■ WORK INSTRUCTION
Output every line below exactly, please, omitting pictures.

■ SOURCE MATERIAL
[Start of section]

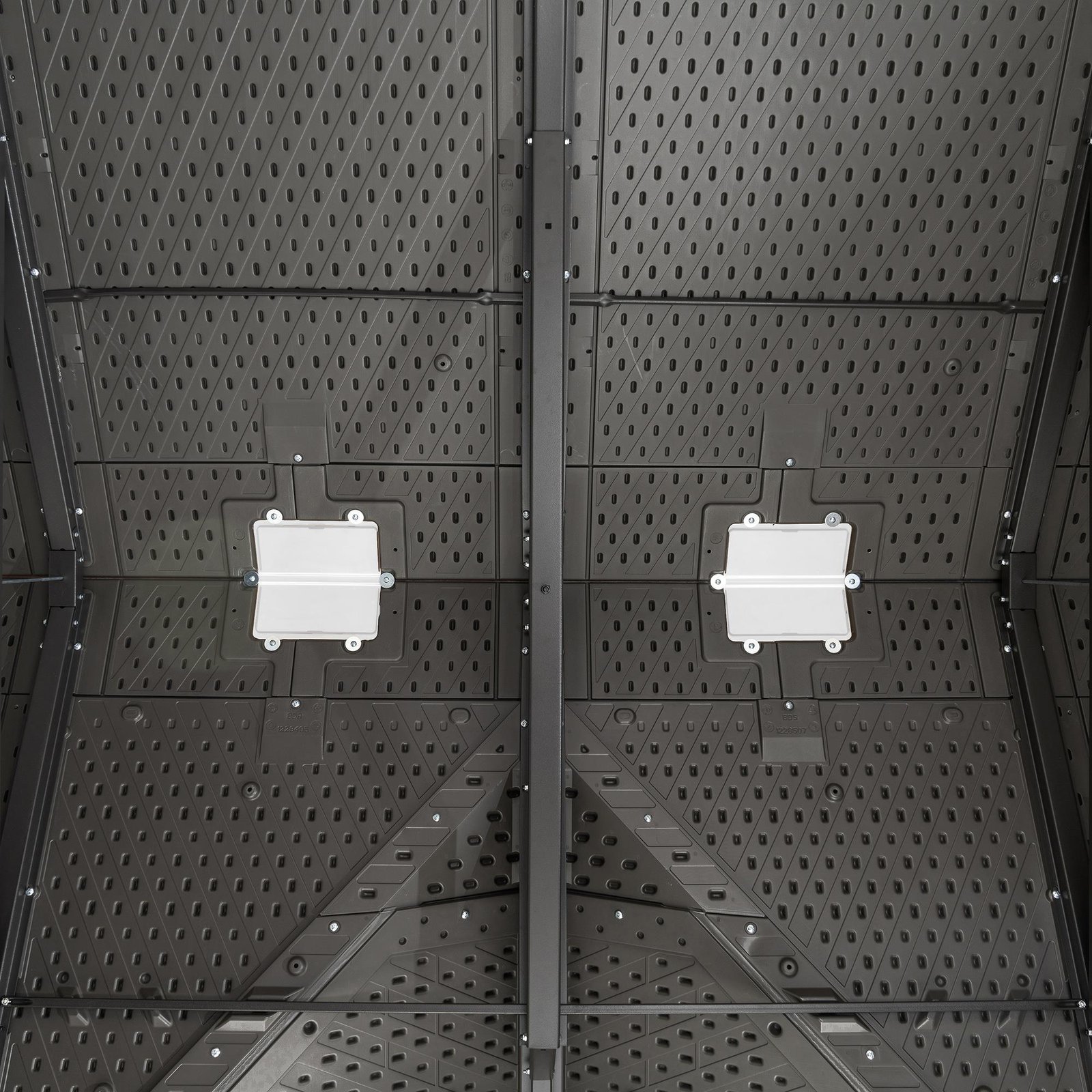 One of the best things about this shed is how easy it is to use. The centralized doors open wide, giving you quick and convenient access to all your stored items. Inside, you’ll find a customizable shelf system that lets you organize your gear exactly the way you want.
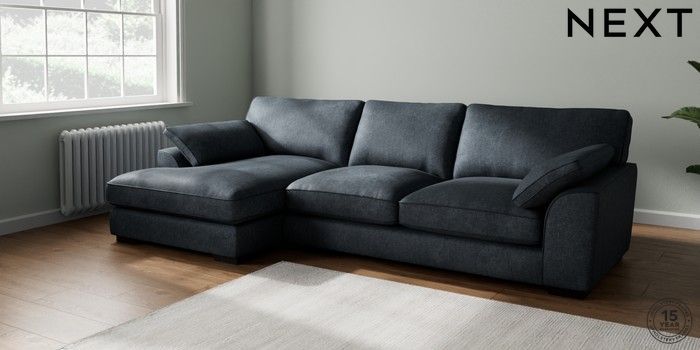7.2.10 Buy Stamford Grand Relaxed Sit Large Sofa Chaise - Left Hand Plush Chenille Slate Blue Large Square Angle - Dark from the Next UK online shop Click here to use our accessible website
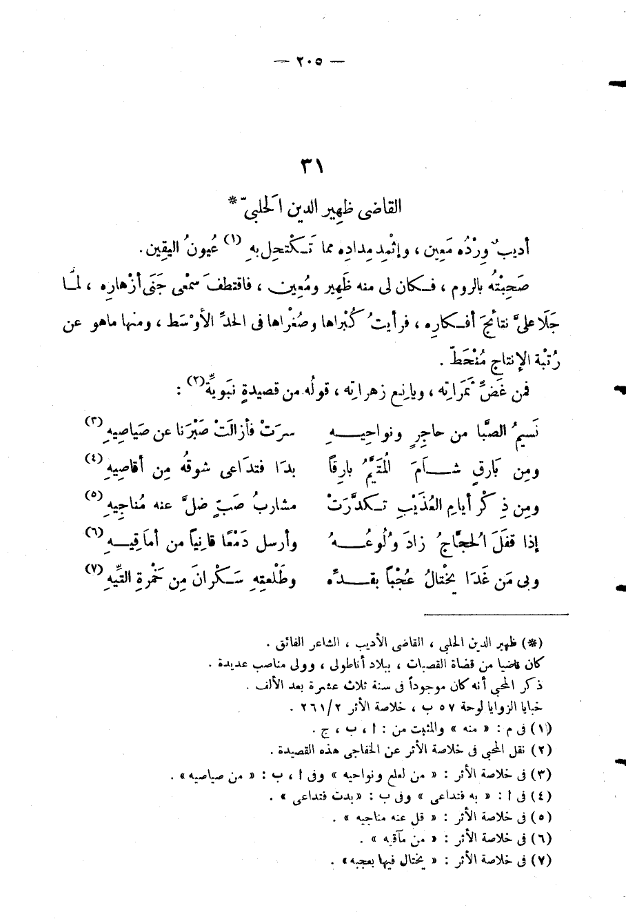 صَحِبْتُه بالروم، فكان لي منه ظَهِير ومُعِين، فاقتطفُ سمْعي جَنَى أزْهارِه، لمَّا جَلاَ علىَّ نتائجَ أفكارِه، فرأيتُ كُبْراها وصُغْراها في الحدِّ الأوْسَط، ومنها ما هو عن رُتْبة الإنتاجِ مُنْحَطّ.

[End of section]

■ RESULT OF THIS TASK
 One of the best things about this shed is how easy it is to use. The centralized doors open wide, giving you quick and convenient access to all your stored items. Inside, you’ll find a customizable shelf system that lets you organize your gear exactly the way you want.
7.2.10 Buy Stamford Grand Relaxed Sit Large Sofa Chaise - Left Hand Plush Chenille Slate Blue Large Square Angle - Dark from the Next UK online shop Click here to use our accessible website
 صَحِبْتُه بالروم، فكان لي منه ظَهِير ومُعِين، فاقتطفُ سمْعي جَنَى أزْهارِه، لمَّا جَلاَ علىَّ نتائجَ أفكارِه، فرأيتُ كُبْراها وصُغْراها في الحدِّ الأوْسَط، ومنها ما هو عن رُتْبة الإنتاجِ مُنْحَطّ.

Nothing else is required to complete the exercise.